Donald Trump: “We must be smart!”

If these two leaders are smart, I’ll take dumb any time. Is smart a word that comes out of focus groups? Who cares whether your actions are smart, whether your policies are smart, whether you are smart? Only one criterion applies for initial evaluation of a leader, especially a leader who wants to be president: will your proposals accomplish what you say you want them to accomplish?

If a leader can establish solid connections between proposals and outcomes or goals, you have someone worth listening to, even if you don’t agree with the proposals. You want someone who can reason from ideas to outcomes. If you have leaders who lie, spin, boast and bully to the point that nothing out of their mouths makes any sense, you have people who do not deserve even a minute of your time. Hillary Clinton and Donald Trump lie, spin, boast and bully. The evidence is all around you.

Do not vote for one of these jokers on the reasoning that you have to go for the lesser evil. Democracy is not about picking one disaster over another. If that’s all your vote means, you are not in a democracy. “Here, select the corrupt insider or the narcissistic strongman, and try not to feel too dirty or depressed when you do it.” Is that how you want to feel on election day, when you exercise your right to select your leaders?

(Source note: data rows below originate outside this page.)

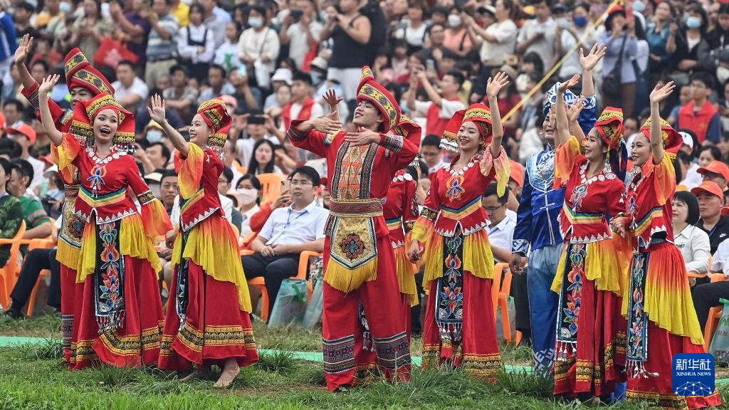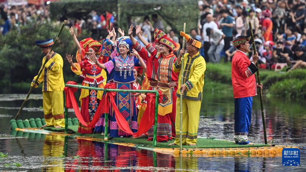 当日,广西钦州市在钦北区贵台镇洞利江畔举行实景演出,欢庆“三月三”传统佳节。
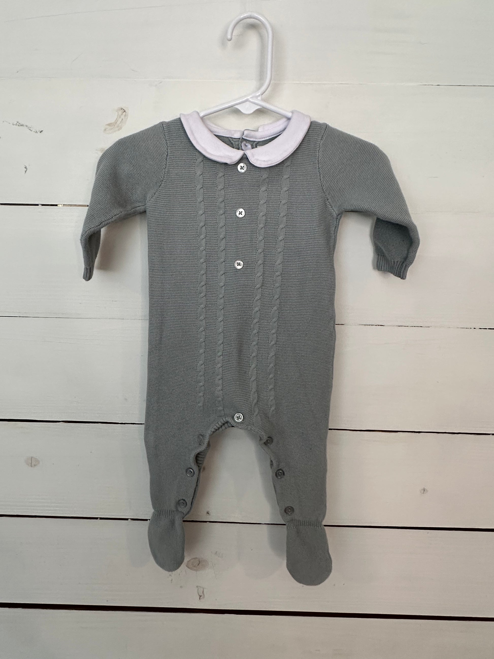 0-6m - Edgehill Collection Baby Blue Gown with Pocket and Swiss Dot Collar
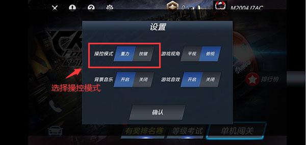 3、点进去就可以看到,操控模式选择,重力模式或者是按键模式了。
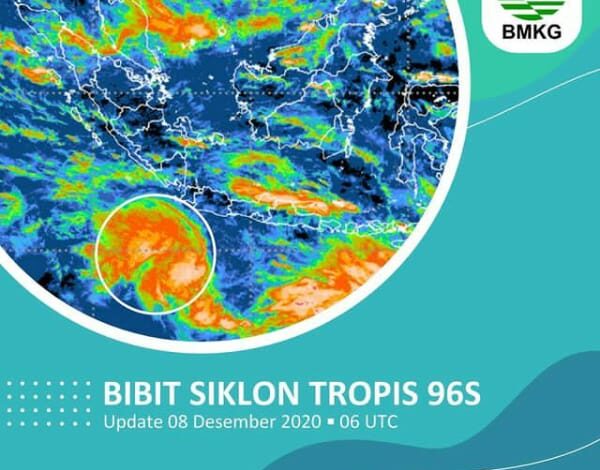 Mengutip laman bmkg.go.id, bibit siklon 96S diprakirakan mengalami peningkatan kecepatan angin yang signifikan terjadi para hari ini, Selasa (8/12/2020). Bibit siklon tropis ini berpotensi menjadi siklon tropis pada Selasa malam atau Rabu 9 Desember pagi dengan pergerakan ke arah Tenggara-Selatan menjauhi wilayah Indonesia.
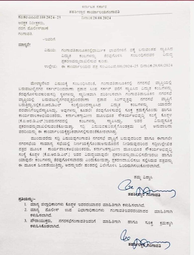 ಕೊಪ್ಪಳ: ವಿವಾದಾತ್ಮಕ ಗಂಗಾವತಿ ವಿದ್ಯುತ್ ಕಂಬ ತೆರವು ವಿಚಾರ. ತೆರವು ಆದೇಶ ಹಿಂಪಡೆದ ಅಧಿಕಾರಿಗಳು.

When did we start to equate smartness with intelligence in politics? I suppose political candidates figure if you appear smart, and you talk about being smart, you’ll win people’s confidence. People say they like Trump because he doesn’t pander: “He tells it like it is.” Well, he does use coarse, unappealing language, unusual for politics, but in fact he panders so well that his followers don’t even see what he’s doing. It starts with his constant preening as a winner. He knows people want to be on the winning side. His whole campaign panders to people who want to be with a winner.

That game is a bit harder for Clinton to play, because so many have disliked her for so long. Her husband got to be president, now she wants to be one, too. She tells people to vote for her because they’ll be on the right side of history when they elect the first female president. She tells people they can trust her, and tries hard to make them believe it, even though she is obviously not trustworthy. In the end, her campaign theme echoes Trump’s: go with a winner. Trump is a loser, she says, not suited for the office. I’m the tested candidate, the one you can rely on.

These two candidates are the worst pair of presidential nominees we have had since the series of dismal leaders who preceded the Civil War. Do not vote for them. Do not say you have no choice. You have plenty of alternatives. Start with these five: Libertarian, Green, other third party, write in, stay home. All five options are far better than the choice between Clinton and Trump, though to stay home this year abdicates responsibility. Do not accept what the Democrats and Republicans hand you. Above all, do not let either of these two losers, who masquerade as winners, into the White House. Make your vote count.